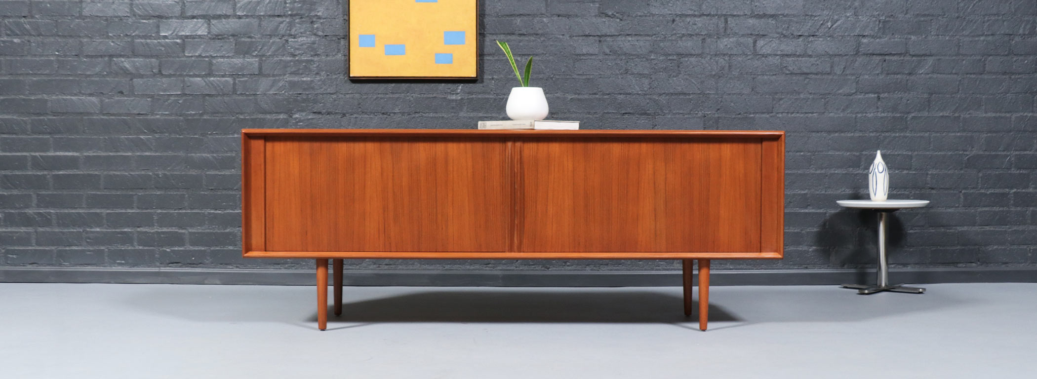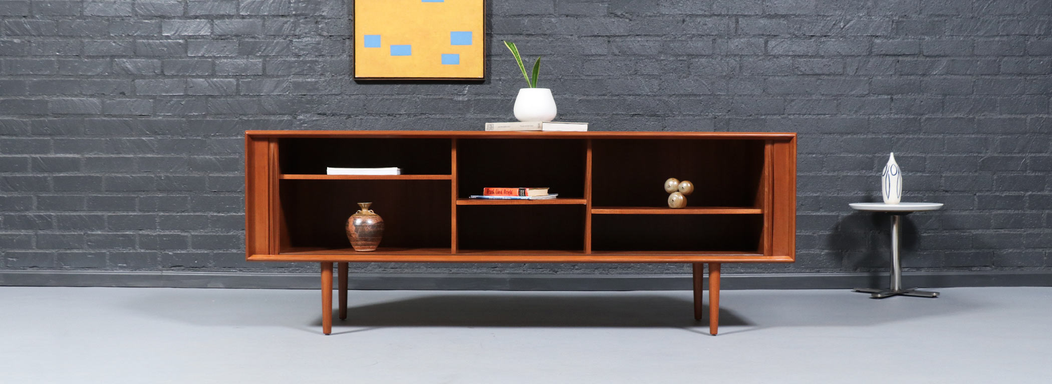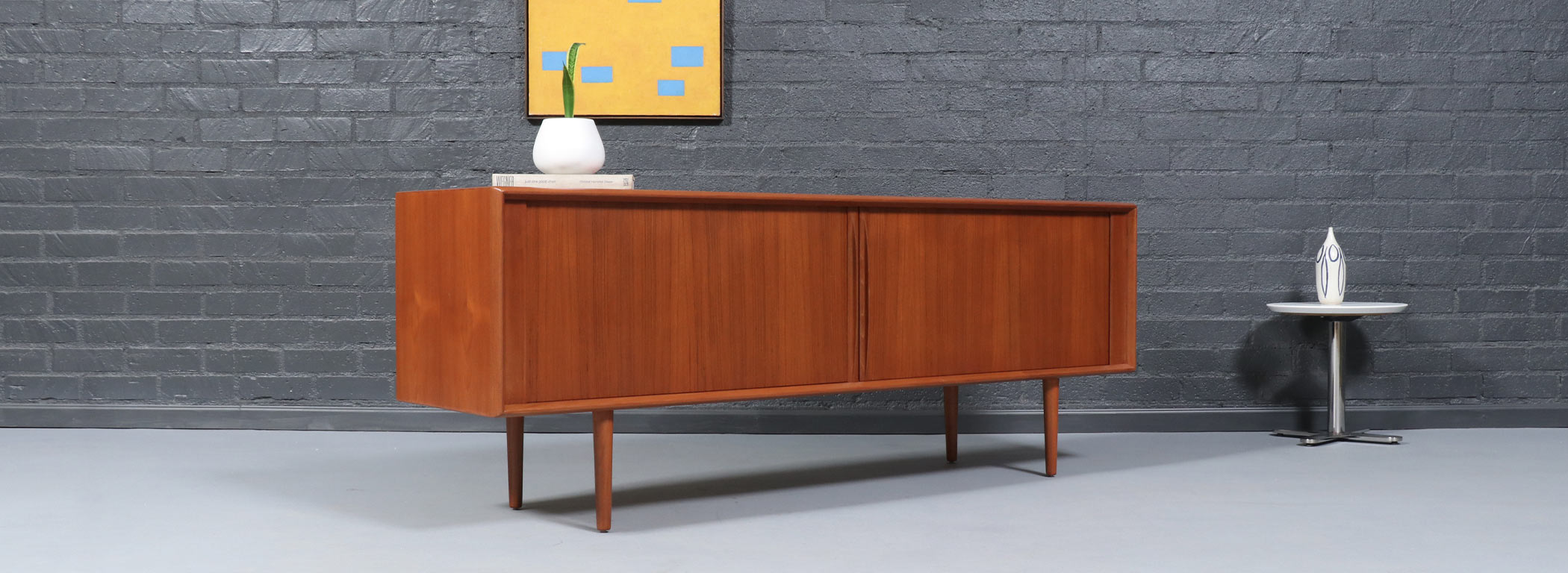 Danish Modern Teak Tambour-Door Credenza by Bernhard Pedersen
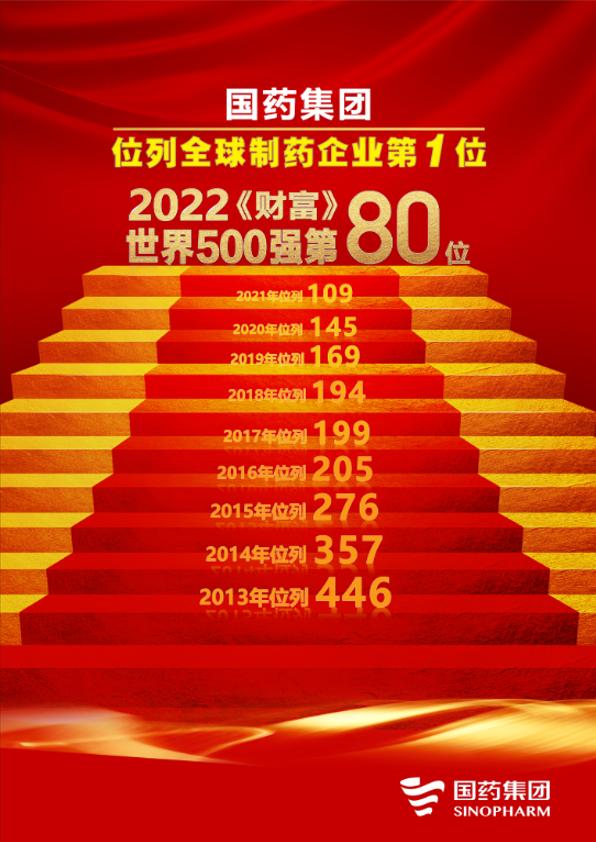 今年,在最新的世界500强排行榜中,国药集团位列第80位,居全球制药企业之首。而今年也是国药集团连续入围世界500强的第十个年头。
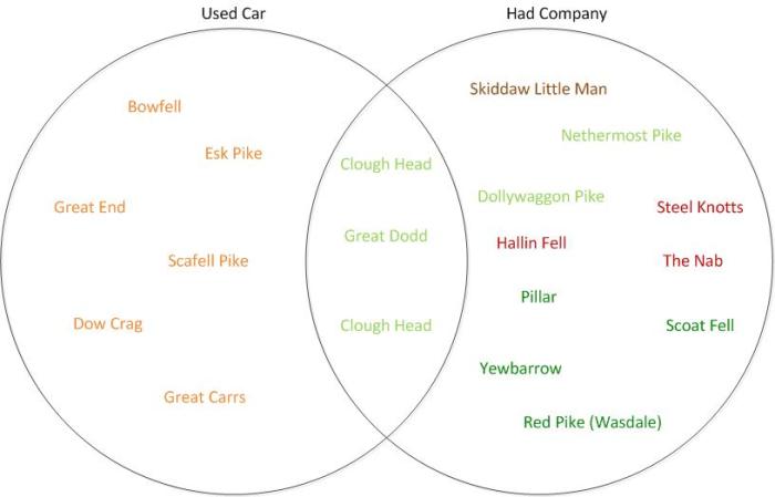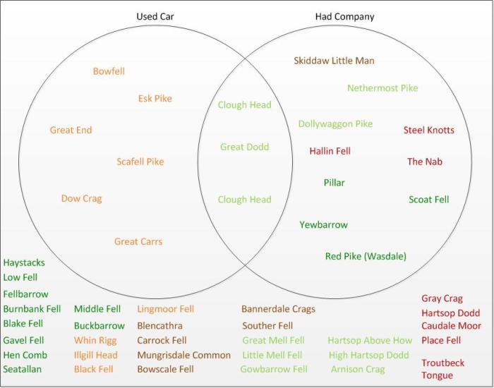Hitting both the no car and no companions criteria means redoing a total of 19 fells – 6 involving a car, 10 non-solo and 3 that fit under both headings.
++++++++++
Each line from the first line of the material above through the line containing "今年,在最新的世界500强排" is to be reproduced exactly, with both ends kept and pictures left out.

 Danish Modern Teak Tambour-Door Credenza by Bernhard Pedersen
 今年,在最新的世界500强排行榜中,国药集团位列第80位,居全球制药企业之首。而今年也是国药集团连续入围世界500强的第十个年头。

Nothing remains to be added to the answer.